> _ASSIGNMENT_: I'd like the data below restated word for word, with the pictures left out.

START THE DATA

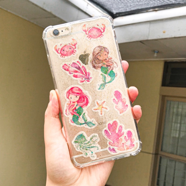 Case dengan stiker mermaid dan resin glitter. Handmade with love and high quality product.
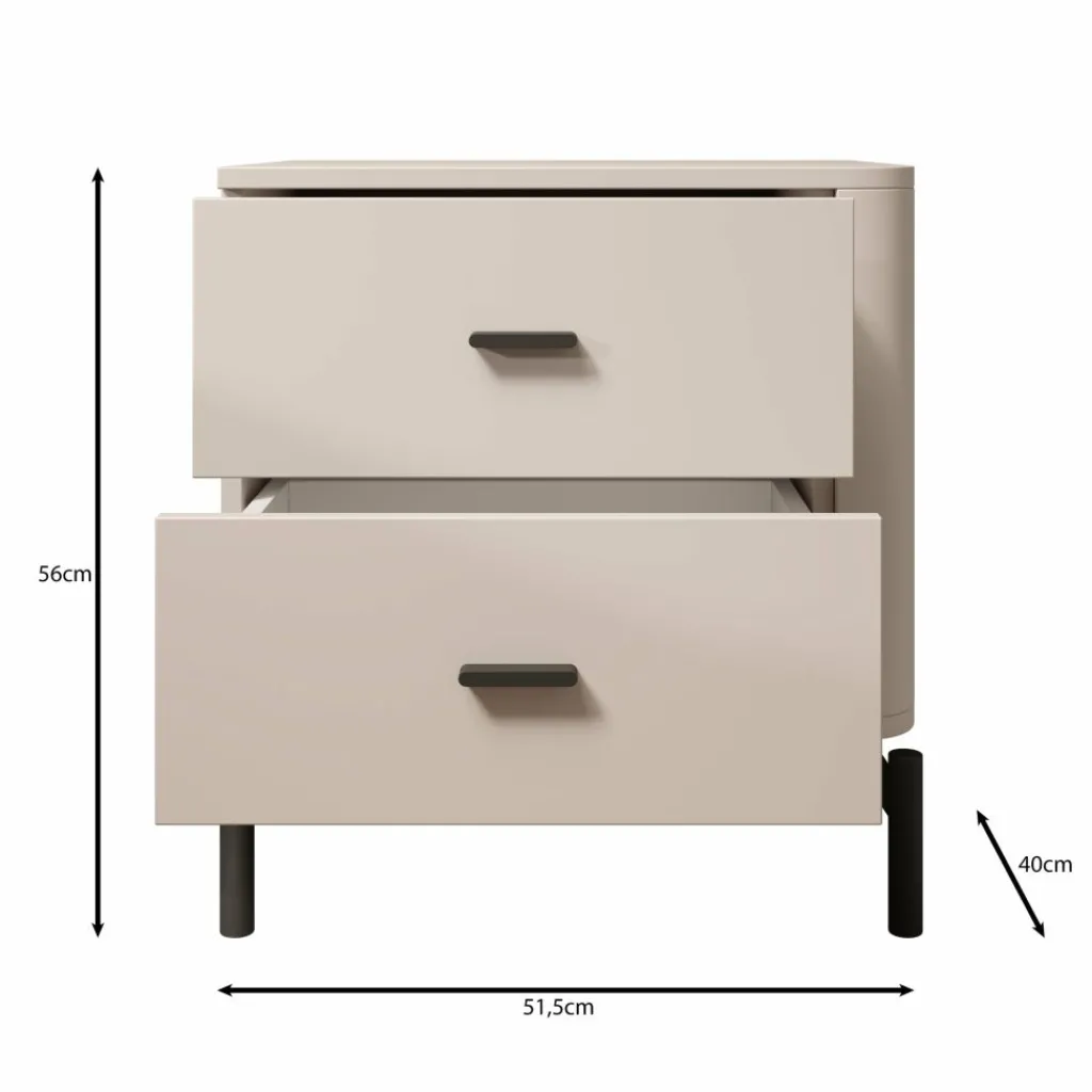 Het Sorello nachtkastje is een compact staand meubel voor naast het bed en is uitgevoerd in beige. Met een breedte van 52 cm, een diepte van 40 cm en een hoogte van 56 cm biedt dit nachtkastje praktische opbergruimte zonder veel vloeroppervlak in te nemen.
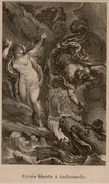 This image depicts Andromeda, the daughter of King Cephus, chained to a rock amidst the sea. Andromeda was placed here to pay the penalty for something her mother had said. Perseus had been flying in the sky when he happened upon this scene and spotted the beauty of Andromeda. Perseus asked Andromeda who she was and where she came from, yet, before she could finish speaking, a great serpent had emerged from the sea. Andromeda’s parents agreed that they would allow Perseus to take Andromeda’s hand in marriage in exchange for killing the serpent and saving their daughter. Perseus is depicted coming down from the sky and piercing the chest of the serpent on the right side of the image.
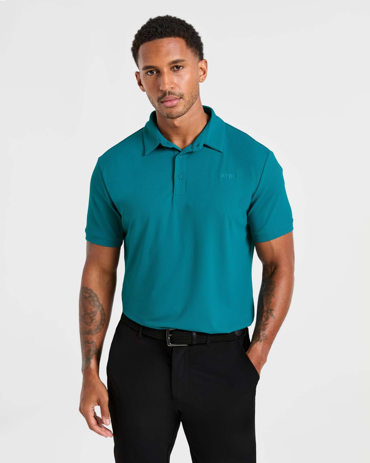 Our Precision Polo is the ultimate blend of style and functionality for the modern golfer. The soft, lightweight textured fabric with added stretch keeps you cool and moves effortlessly with every swing. It features a classic polo fit with short sleeves and a versatile length that can be tucked in or out. Finished with a classic collar and a button placket opening with AYBL branded buttons.

END THE DATA

> _RESULT OF THE EXERCISE_:
 Case dengan stiker mermaid dan resin glitter. Handmade with love and high quality product.
 Het Sorello nachtkastje is een compact staand meubel voor naast het bed en is uitgevoerd in beige. Met een breedte van 52 cm, een diepte van 40 cm en een hoogte van 56 cm biedt dit nachtkastje praktische opbergruimte zonder veel vloeroppervlak in te nemen.
 This image depicts Andromeda, the daughter of King Cephus, chained to a rock amidst the sea. Andromeda was placed here to pay the penalty for something her mother had said. Perseus had been flying in the sky when he happened upon this scene and spotted the beauty of Andromeda. Perseus asked Andromeda who she was and where she came from, yet, before she could finish speaking, a great serpent had emerged from the sea. Andromeda’s parents agreed that they would allow Perseus to take Andromeda’s hand in marriage in exchange for killing the serpent and saving their daughter. Perseus is depicted coming down from the sky and piercing the chest of the serpent on the right side of the image.
 Our Precision Polo is the ultimate blend of style and functionality for the modern golfer. The soft, lightweight textured fabric with added stretch keeps you cool and moves effortlessly with every swing. It features a classic polo fit with short sleeves and a versatile length that can be tucked in or out. Finished with a classic collar and a button placket opening with AYBL branded buttons.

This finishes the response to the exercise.